Simultaneous quantification of transcript abundance for multiple genes. Single-cell level measurement of gene expression changes for three genes, TNF (cyan), IL1B (magenta), and PGK1 (yellow) assayed in the same reaction in primary human monocytes stained with DAPI (gray). (A) Time-series showing HCR signals for TNF, IL1B, and PGK1 following vehicle or LPS (1 ng/mL) stimulation at 15-, 30-, and 60-min time points. Magnification: 60×. Scale bar for full FOV: 20 microns. Scale bar for inset: 10 microns. (B) Scatter plots of TNF and IL1B gene expression, quantified as the number of HCR spots per cell. Cells were stimulated with vehicle or LPS for 30 min before hcHCR. Least-squares regression lines are in red. r = Pearson correlation coefficient. (C) Appearance of large and bright nuclear IL1B or TNF HCR spots in the cell nucleus upon LPS stimulation (arrowheads). Magnification: 60×. Scale bar: 10 microns. (D) Line plots of gene expression changes, measured simultaneously by hcHCR, for TNF, IL1B, and PGK1 before and after LPS (1 ng/mL) stimulation at different time points.

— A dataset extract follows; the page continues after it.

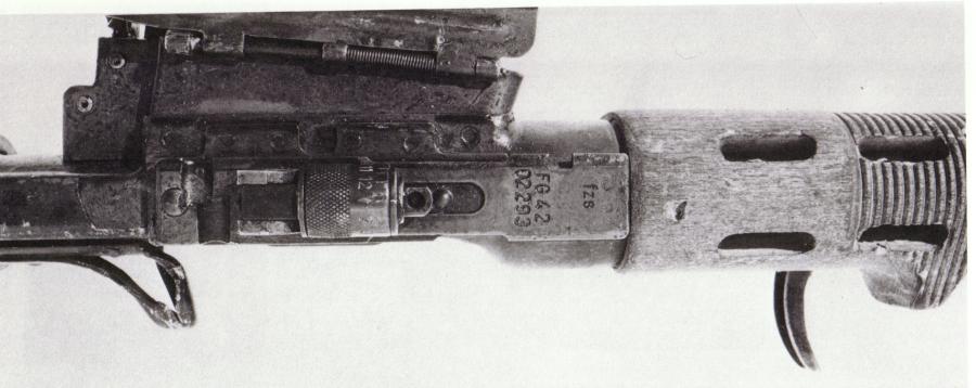 FG42-2比FG42-1稍重,长度也略有增大,不过在全自动射击时仍然是显得太轻,甚至要依靠两脚架来帮助控制后坐力,而且生产成本仍然是太高,尤其是与同时代的Stg.44突击步枪相比较。而且在FG42-2的设计完成之前,战争境况已经变得很差。盟军持久的轰炸已经严重削弱了纳粹德国的军工生产能力,使得武器生产不得不用较次的材料和工艺。为了尽快提高产量,德国又增加了5个其他规模较小的生产商来生产FG42,但直至战争结束时,6个生产商一共只生产了约5000支FG42-2步枪,而且只有很少的数量被交到军队手上。在奥托·斯科尔兹内(Otto Skorzeny)领导下营救贝尼托·墨索里尼的突击队就使用了FG42。

Results of three independent experiments performed on cells from unrelated healthy human donors. P-values are from a Kruskal–Wallis one-way ANOVA on ranks. (E) Scatter plots of IL1B and TNF expression after LPS stimulation at six concentrations (0, 0.01, 0.1, 1, 10, or 100 ng/mL) and five time points (0, 15, 30, 60, or 120 min). (F) Line plots of gene expression, measured simultaneously by hcHCR, for TNF, IL1B, and PGK1 after 15 min of LPS (1 ng/mL) stimulation at different concentrations. Results of three independent experiments performed on cells from unrelated healthy human donors. P-values are from a Kruskal–Wallis test (one-way ANOVA on ranks).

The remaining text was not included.